BEGIN DATA BELOW
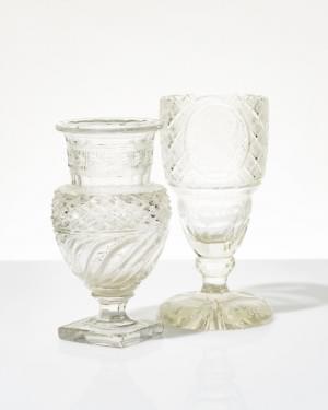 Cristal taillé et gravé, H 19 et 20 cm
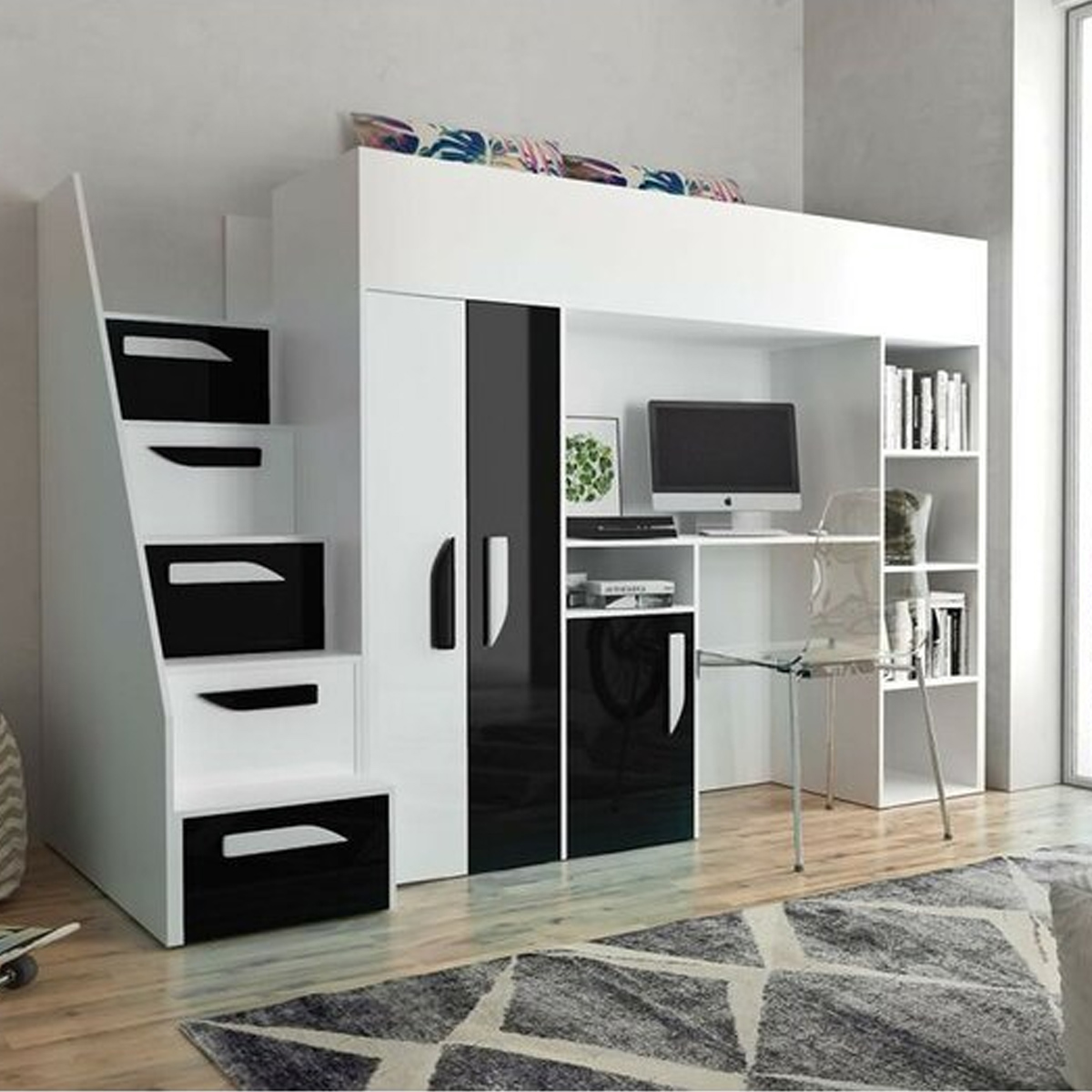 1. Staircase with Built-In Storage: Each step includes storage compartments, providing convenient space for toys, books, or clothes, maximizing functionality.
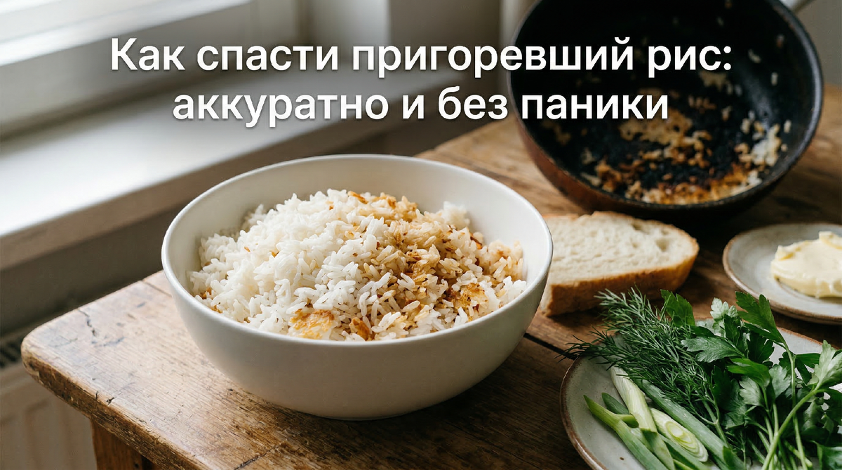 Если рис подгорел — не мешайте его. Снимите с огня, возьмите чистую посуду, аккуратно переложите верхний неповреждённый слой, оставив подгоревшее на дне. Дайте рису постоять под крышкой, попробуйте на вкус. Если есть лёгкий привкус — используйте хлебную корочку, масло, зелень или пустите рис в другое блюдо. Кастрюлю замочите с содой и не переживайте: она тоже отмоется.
END DATA BELOW
» PROMPT:
Repeat the lines of the listing above verbatim, beginning at its first line and ending at the line containing "1. Staircase with", which is included. Omit pictures.

» REPLY TO THE TASK:
 Cristal taillé et gravé, H 19 et 20 cm
 1. Staircase with Built-In Storage: Each step includes storage compartments, providing convenient space for toys, books, or clothes, maximizing functionality.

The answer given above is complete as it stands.